Decompiler Design - Object File Formats
Prev : Decompiler architecture
Before you can start decompiling a file you need to be able to read it.
There are 3 possible types of file formats:
Each type of format has its strength and weaknesses.
The first two file formats carry some information with them that can help the decompiler to identify useful information. On the other hand, the third type does not give much information, so the information must be provided by the user to the decompiler.
Each file format requires its own File Format Reader.
The first step after opening the file is to identify its type. Structured and tagged stream files start with a well defined byte sequence that helps identify them. Here are some of byte sequences for common object formats:
|ELF||0||7F 45 4C 46|
|COFF||0||2-byte machine type (*)|
(*) One characteristic of COFF is that the first 2 bytes identify both the
format as COFF and the target processor. Unfortunately, there is no
standard for these 2 bytes, and also for processors that support both
big endiand and little endian, the same 2 bytes may appear in both orders,
making it difficult to identify the file as a COFF file with absolute certainty.
We'll see that even COFF files for the same target processor may have different data structures, because different compilers chose not to follow the standard (typically they sometimes used 32-bit fields in place of the original 16-bit field definition).
If none of the above sequences is detected, the file may be a raw image or an unknown file format. In this cases, manual intervention is required by the user to specify the information the decompiler needs.
Since we'll be dealing with machine instructions the decompiler must identify the target CPU, that is the CPU able to execute the instructions in the input file. Decompilation does not require actual execution of the instructions, so the target CPU can be different from the one that is executing the decompiler (the host CPU). That is, decompilers should be cross tools, able to accept binary files generated for different processor architectures.
Selecting the correct CPU sometimes defines the data types that the target program is going to use. This however is not always true, since the original program may have been compiled in a variety of models. The following structured file formats provide architectural information:
|ELF||0x12||2-byte machine type|
|COFF||0||see previous table|
On the other hand, only raw formats provide only a minimum amount of information (sometimes there is no information at all). In these cases, a number of heuristics can be applied to infer the type of the file. The decompiler can use a database of common code sequences to identify the target CPU. This can be a long shot, but it is sometimes successful, if nothing else to give a suggestion to the user. If no match is found, the user must provide (via a project file or via the UI) the target CPU he wants to use before proceeding with the object file analysis.
The structured object formats carry both code and data areas that will be executed when the program is run, and also support areas that are used by the operating system when loading the file into memory (but whose content is not actually executed by the CPU), and also areas that are used by other tools such as a debugger.
The ELF and COFF formats are based on the concept of sections. A section is an area in the file that has homogeneous information, such as all code, or all data, or all symbols etc.
The decompiler reads the section table and uses it to convert file offsets to addresses and vice-versa.
This is also used to allow the user to inspect the file by offset or by address (for example when doing a hex dump of the file's content).

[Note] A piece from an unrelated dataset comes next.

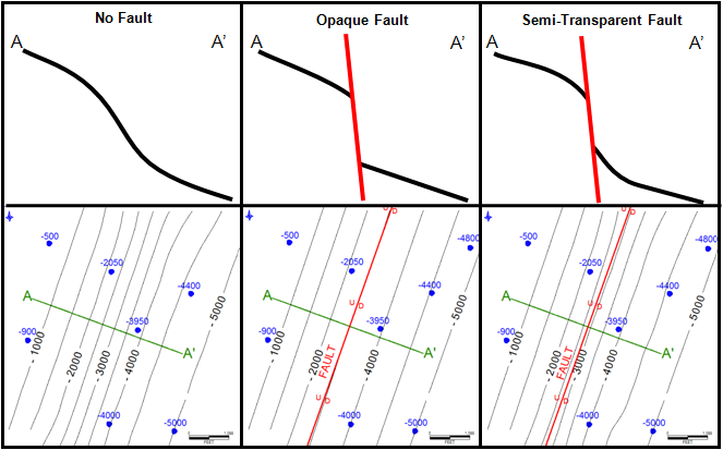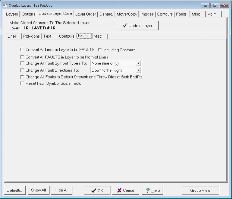 The Update Layers Faults tab Convert All Lines in Layer to FAULTS - By itself, this option converts "Normal Line" and "Unconformity Line" lines to "Fault Trace" lines. Including Contours This option also converts "Contour Line" line classes to "Fault Trace" lines. Convert All Faults in Layer to be Normal Lines - This option converts "Fault Trace" lines to "Normal Line" lines. Change All Fault Symbol Types to - This option changes the fault symbols of all "Fault Trace" lines in the selected layer. Available fault symbols include normal, reverse, vertical, or none. Importantly, these fault symbols are purely cosmetic and have no bearing on the gridding process. Change All Fault Directions To - This option changes how Petra draws fault symbols for all "Fault Trace" lines in the selected layer. "Down to the Left" and "Down to the Right" are relative to the starting point and the ending point. A rule of thumb is to assume you are standing on the start point and looking out towards the first segment - what is on your left is left, and what is on your right is right. Importantly, these fault symbols are purely cosmetic and have no bearing on the gridding process are purely cosmetic and have no bearing on the gridding process. Change All Faults to Default Strength and Throw Dies at both EndPts - This option restores all faults in the overlay layer to the default "semi-transparent" strength. At this default strength, Petra's gridding allows the grid to flex a little across the fault, rather than be completely unchanged by a transparent fault or completely broken by a opaque fault.

Note however that not necessarily a section marked as executable will only contain machine instructions. Other types of read-only data can also be put in an executable section, such as read-only ("const") strings and floating-point constants. The compiler or the linker can also add extra code that was not directly generated by the compiled source code. An example of extra code is virtual function tables, exception handling (try/catch/throw) in C++, and the Global Offset Table (GOT) and Procedure Linkage Table (PLT) to support dynamically linking of DLLs.
It's therefore important that the decompiler identifies data that was placed in the code section, so that it does not disassemble some data area. Should this happen, a lot of the successive analyses will be using incorrect data, possibly invalidating the entire decompilation process. All file formats should provide at the very least the offset of the first instruction executed after the file is loaded in memory.
Informational areas can help tremendously the decompilation process, because every piece of additional information beyond the executed code and data is a piece of information that the decompiler will not have to guess using its own analysis.
Non-stripped executable files provide various level of symbolic information:
The output of the object file format loader is a set of tables that allows the following stages of the decompiler to be independent of any particular object file format.